Because injured neurons cannot regenerate, there is currently no treatment for spinal cord or brain injury, says Zhigang He, PhD, Associate Professor of Neurology at Children's and senior author on the paper. Previous studies that looked at removing inhibitory molecules from the neurons' environment, including some from He's own lab, have found only modest effects on nerve recovery. But now He's team, in collaboration with Mustafa Sahin, MD, PhD, Assistant Professor of Neurology at Children's, demonstrates that re-growth is primarily regulated from within the cells themselves.

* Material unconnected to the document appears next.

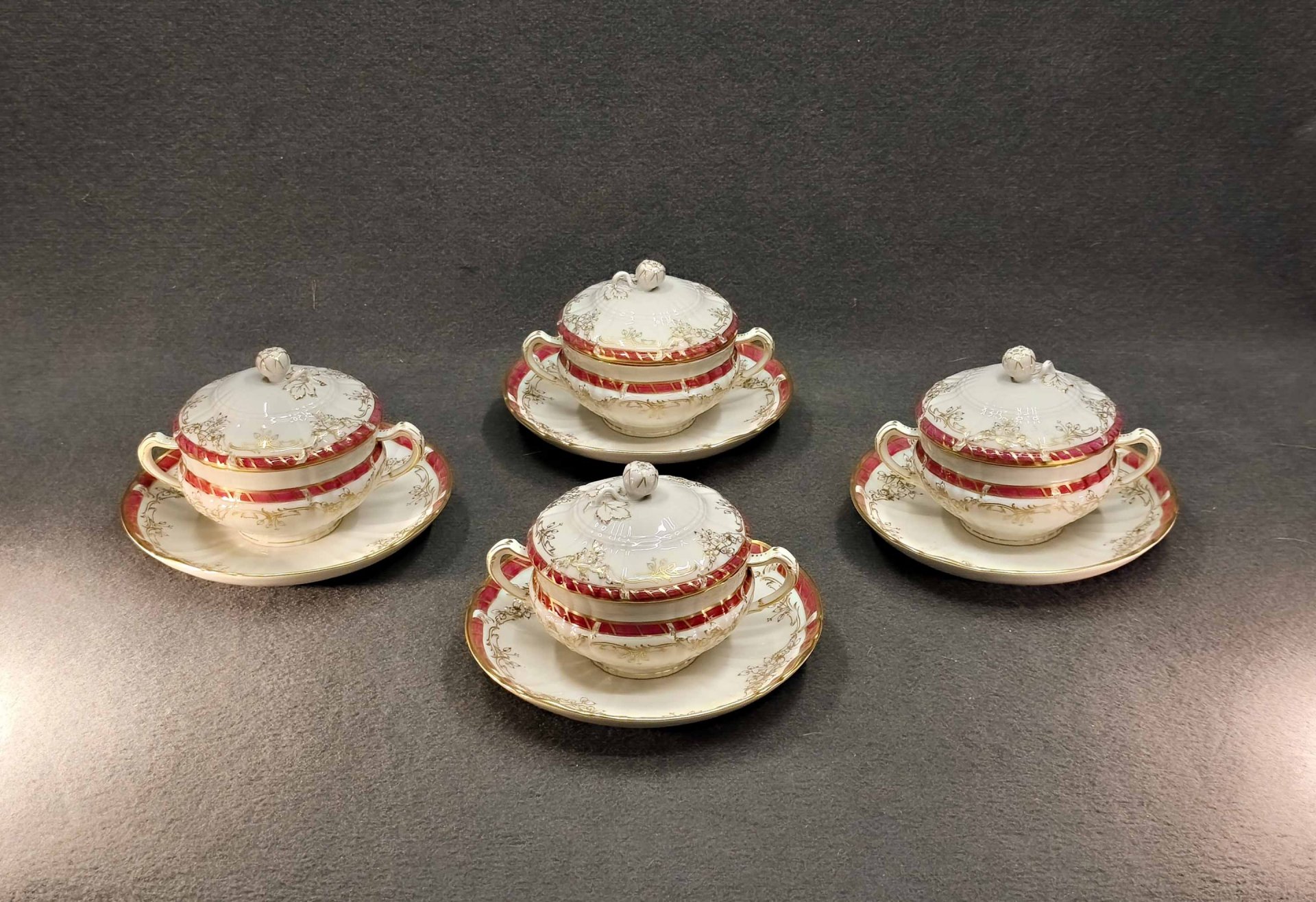 KPM Berlin, Vier Suppentassen mit Deckel, Königin von Holland, 1.Wahl

"We knew that on completion of development, cells stop growing due to genetic mechanisms that prevent overgrowth," explains He. "We thought that this kind of mechanism might also prevent regeneration after injury."

The key pathway for controlling cell growth in neurons, known as the mTOR pathway, is active in cells during development, but is substantially down-regulated once neurons have matured. Moreover, upon injury, this pathway is almost completely silenced, presumably for the cell to conserve energy to survive. He and colleagues reasoned that preventing this down-regulation might allow regeneration to occur.